- [The task]
Beginning with the line that contains "Náušnice ze žlutého" and ending with the line that contains "Colorful Serrate Stripes", reproduce the lines of the entries below exactly, omitting pictures.

- [Extracted data]
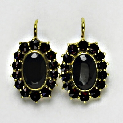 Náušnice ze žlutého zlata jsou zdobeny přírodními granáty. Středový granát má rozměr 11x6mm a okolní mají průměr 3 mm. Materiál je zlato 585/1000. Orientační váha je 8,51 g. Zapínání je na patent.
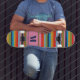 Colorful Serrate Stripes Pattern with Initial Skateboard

--

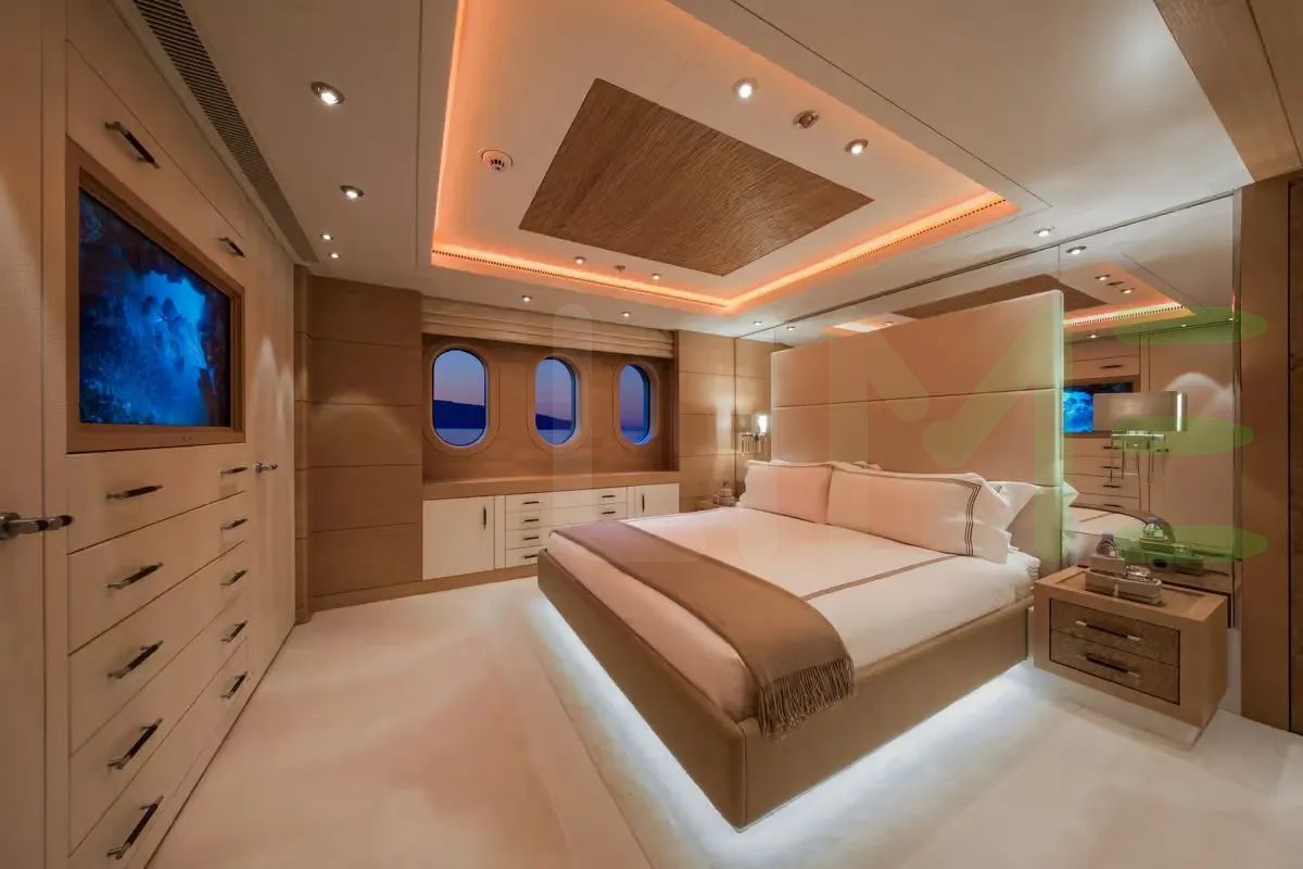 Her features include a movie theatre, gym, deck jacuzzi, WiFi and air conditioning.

- [Exercise output]
 Náušnice ze žlutého zlata jsou zdobeny přírodními granáty. Středový granát má rozměr 11x6mm a okolní mají průměr 3 mm. Materiál je zlato 585/1000. Orientační váha je 8,51 g. Zapínání je na patent.
 Colorful Serrate Stripes Pattern with Initial Skateboard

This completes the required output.